Bank of America Corporation (NYSE:BAC): Current price $13.27
A BofA Merrill Lynch Fund Manager Survey for June finds that, as they pull their money out of emerging market and Japanese equities, investors are coming back to Europe. During the past month, investor confidence has moved up in the face of market instability and a 2.5-percent fall in global equities over the survey period. Currently, a net 56 percent of global investors predict that the world economy will strengthen during the coming year, a figure that is up from a net 48 percent in May. Survey results also indicated that while allocations to the eurozone and United States rose, investment in global emerging market equities sank to their lowest since December of 2008.

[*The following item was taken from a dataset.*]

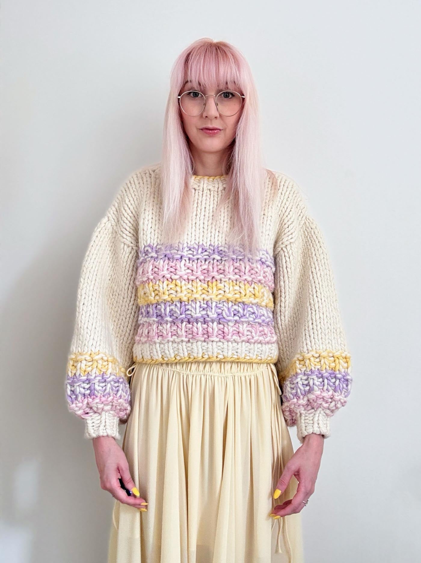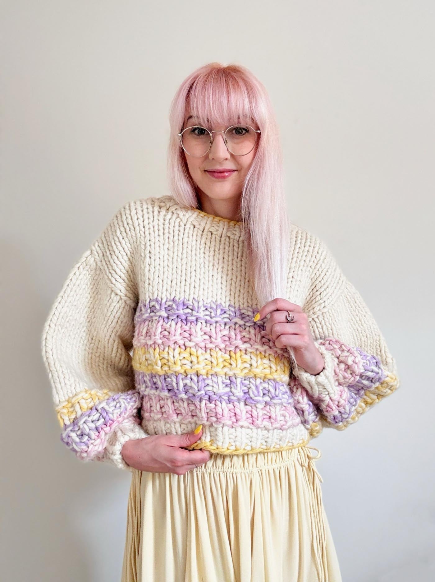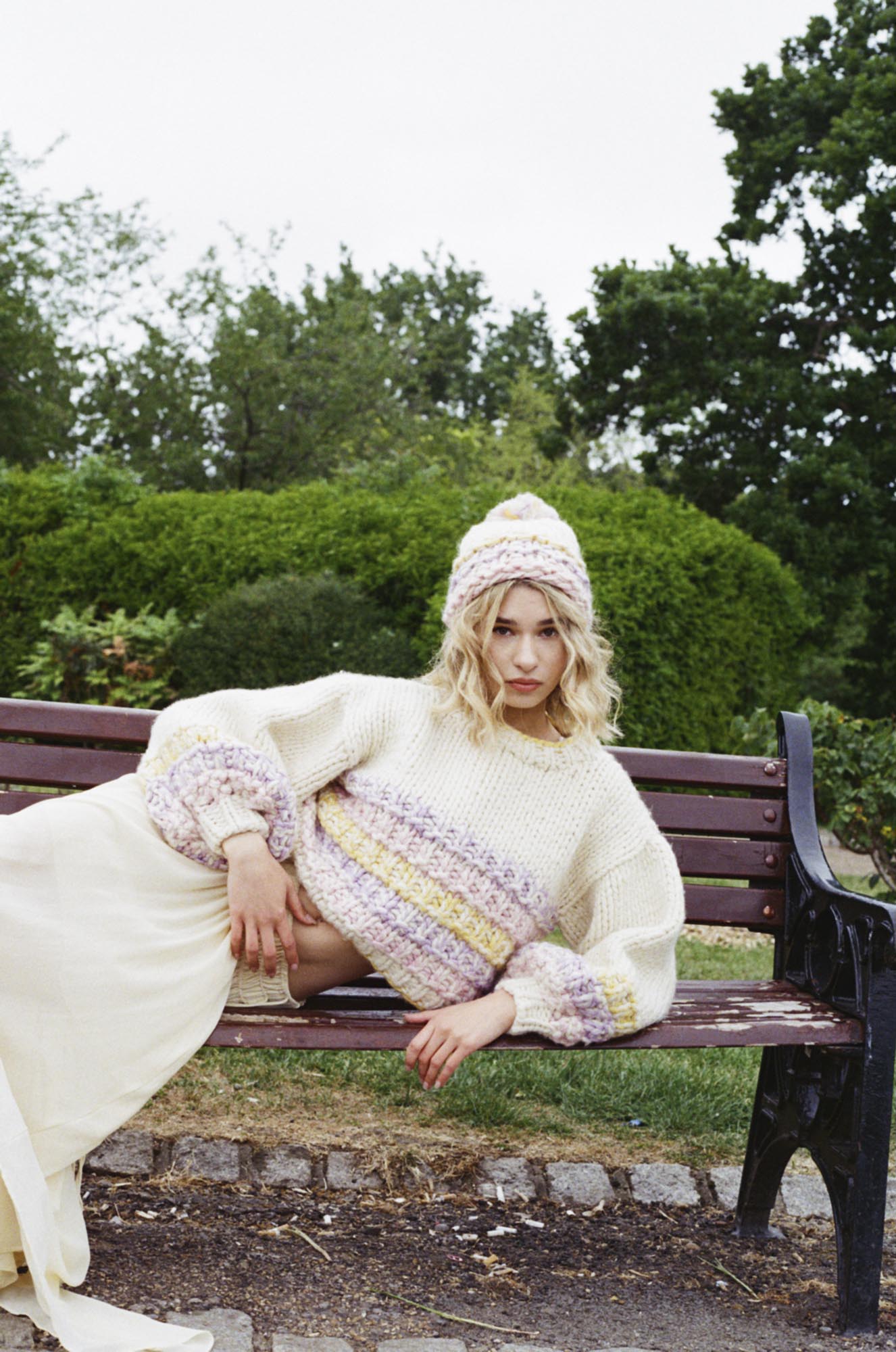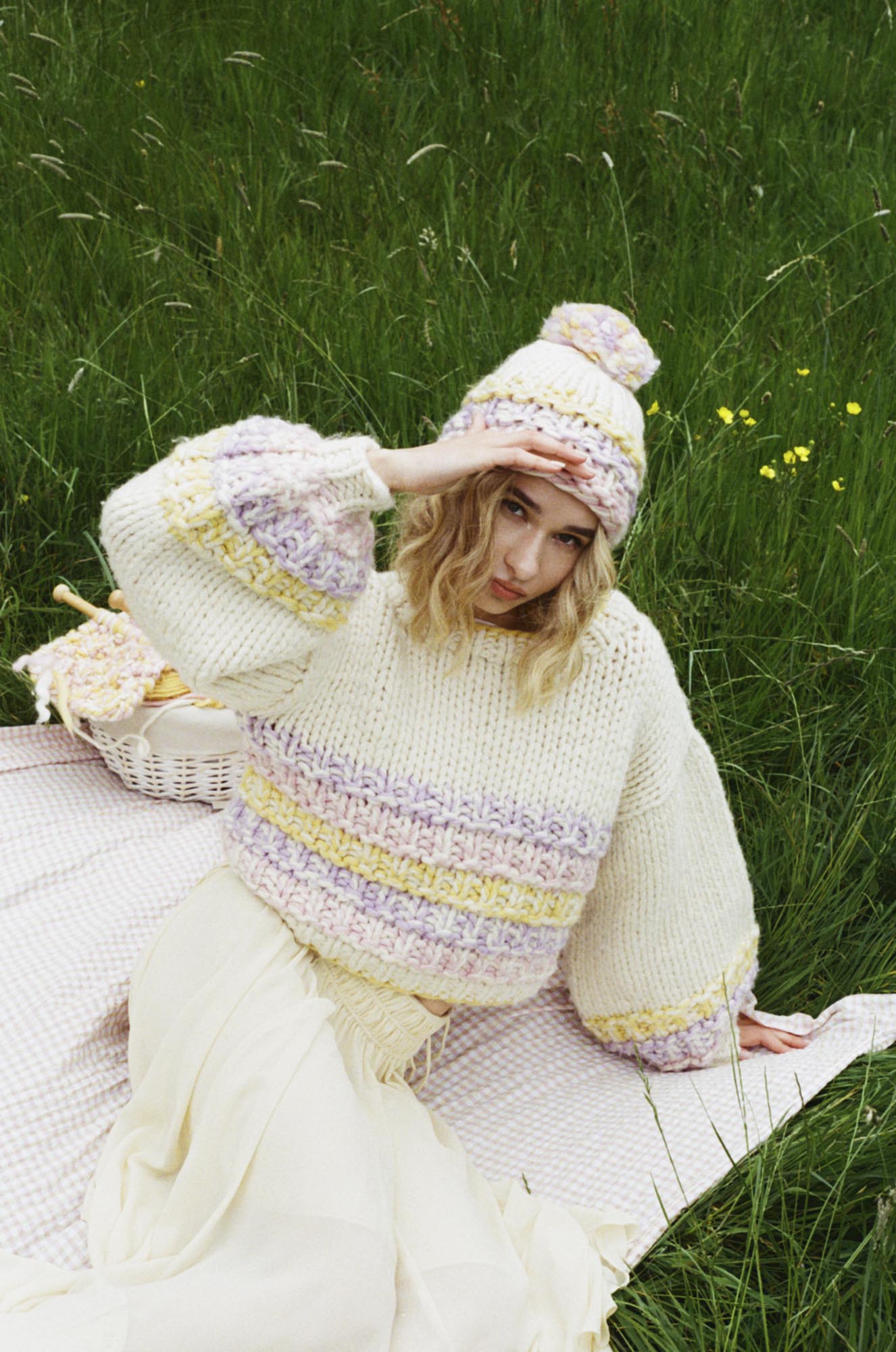 Meet the Hurdle Up Jumper. This jumper is hand-knitted in luxuriously soft 100% merino wool, featuring a bold, chunky texture that’s equal parts statement and snug. Its unique hurdle stitch pattern (get the name now) gives it a beautifully tactile feel, with pastel pops of lilac, lemon, and pink, making it your new go to jumper when you want to feel cute and cosy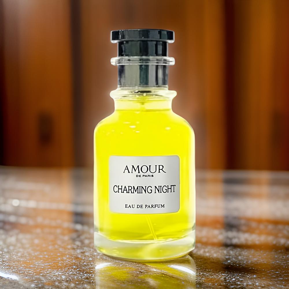 Amour De Paris Charming Night EDP smells like a captivating blend of romantic florals and warm amber, evoking the elegance and allure of a magical Parisian evening.

Sprint Nextel Corporation (NYSE:S): Current price $7.32
The United States’ number-three cellphone carrier Sprint is now suing to disallow DISH Network’s buyout of the wireless data network operator Clearwire Corporation, as the former said that the proposed deal violates the rights of Sprint shareholders and also those of Clearwire. DISH has offered to pay $4.40 per share for Clearwire, which recommended that its shareholders okay the offer, reversing its earlier position in support of a takeover bid by Sprint, which is its majority shareholder. The latter has bid $3.40 per share for the minority interest in Clearwire it doesn’t already own. Meanwhile, the satellite broadcaster DISH Network Corp. has said that its offer is contingent on being able to acquire 25 percent of the company.
News Corp. (NASDAQ:NWSA): Current price $31.56
A News Corp. journalist at its Sun tabloid and a prison guard will be charged with conspiring to commit misconduct in a public office, as part of an inquiry into wrongdoing at the firm. The United Kingdom Crown Prosecution Service revealed in an emailed statement that the Sun‘s chief foreign correspondent Nick Parker paid Lee Brockhouse $2,735 for information on well-known persons in 2007 and 2009, and that pair were ordered to appear at a London court on July 11. During the past three years, News Corp. newspapers have been the center of wide-ranging investigations which have uncovered alleged phone hacking and bribery. Chairman Rupert Murdoch closed the News of the World tabloid following revelations that journalists had illegally gotten hold of messages from the mobile phone of a murdered school girl.